In any event, a legal obligation under Article 6(1)(c) of the DSGVO is to be understood as an obligation under objective law (Frenzel in Paal/Pauly, Datenschutz-Grundverordnung Art. 6, margin no. 16) which may result in particular from a legal basis in a Member State or in Union law and which, moreover, relates directly to data processing (Kastelitz/Hötzendorfer/Tschohl in Knyrim, DatKomm Art. 6 DSGVO, margin no. 39).
As a universal service operator within the meaning of Section 3 no. 4 in conjunction with Section 12 (1) PMG, the Respondent is subject to the provisions of the PMG and is therefore to be seen as the addressee of the legal obligations resulting from this law.
 
According to the constant jurisprudence of the Constitutional Court on the quality of an encroachment norm within the meaning of Section 1 (2) DSG (2000), it must “be sufficiently precise, i.e. predictable for everyone, to specify the conditions under which the determination or use of the data for the performance of specific administrative tasks is permitted is. The respective legislator must therefore iSd. Section 1 (2) DSG 2000 provides for a material-specific regulation in the sense that the cases of permissible interference with the fundamental right to data protection are specified and limited (VfSlg. 18.146 / 2007).

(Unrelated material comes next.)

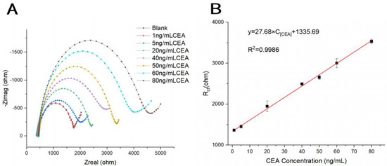 (A) EIS responses of the electrochemical aptasensor for the detection of different concentrations of CEA. (B) The linear calibration plot between the electrode impedance and CEA concentrations.

As a universal service provider within the meaning of Article 3(4) in conjunction with Article 12(1) of the PMG, the defendant is subject to the provisions of the PMG and must therefore be regarded as the addressee of the legal obligations arising from that law.
The data protection authority does not overlook the fact that this jurisprudence refers to an interference norm that is intended to legitimize official action, which is not the case here.
 
Nevertheless, this jurisprudence can also apply accordingly if those responsible in the private sector (Section 26 Paragraph 4 DSG) rely on an authorization norm within the meaning of Article 6 Paragraph 1 lit. c GDPR. This also results from Art. 5 Para. 1 lit. a GDPR, according to which personal data are processed in a lawful manner, in good faith and in a manner that is understandable for the person concerned.
According to the consistent case-law of the Constitutional Court on the quality of an obligatory standard in the sense of Section 1 (2) of the German Data Protection Act (2000), this standard must "specify with sufficient precision, i.e. predictable for everyone, under which conditions the determination or use of data for the performance of specific administrative tasks is permissible. The respective legislator must therefore, in the sense of Section 1 (2) of the Data Protection Act (2000) § 1 (2) DSG 2000, the respective legislator must therefore provide for a substantive regulation in the sense that the cases of permissible encroachments on the fundamental right to data protection are specified and limited (VfSlg. 18.146/2007).
It must therefore be checked whether the provisions of the PMG create a legal obligation to process personal data according to Art. 6 Para. 1 lit. c GDPR.
 
§ 3 Z 12 PMG standardizes the need for confirmation of receipt or delivery of the shipment. On the other hand, § 3 Z 12 PMG does not make any statement about the mere determination, i.e. the additional collection or storage of personal (ID) data. This also applies to Section 20 (1) PMG, which only standardizes the constitution of general terms and conditions, but not a legal obligation to process personal data.
In doing so, the data protection authority does not overlook the fact that this case law refers to an overriding norm which is intended to legitimise official action, which is not the case here.
It should also be noted that the Respondent's General Terms and Conditions cannot constitute a legal obligation due to a lack of material legal quality.
 
As a result, the provisions of the PMG put forward by the Respondent in conjunction with Art. 6 Para. 1 lit. c GDPR does not constitute a legal basis for scanning and saving the complainant's ID.
Nevertheless, this case law can also apply mutatis mutandis if those responsible in the private sector (Section 26 (4) DSG) base their actions on an enabling norm in the sense of Article 6 (1) (c) DSGVO. This also follows from Art. 5 (1) lit. a DSGVO, according to which personal data are processed in a lawful manner, in good faith and in a manner comprehensible to the data subject.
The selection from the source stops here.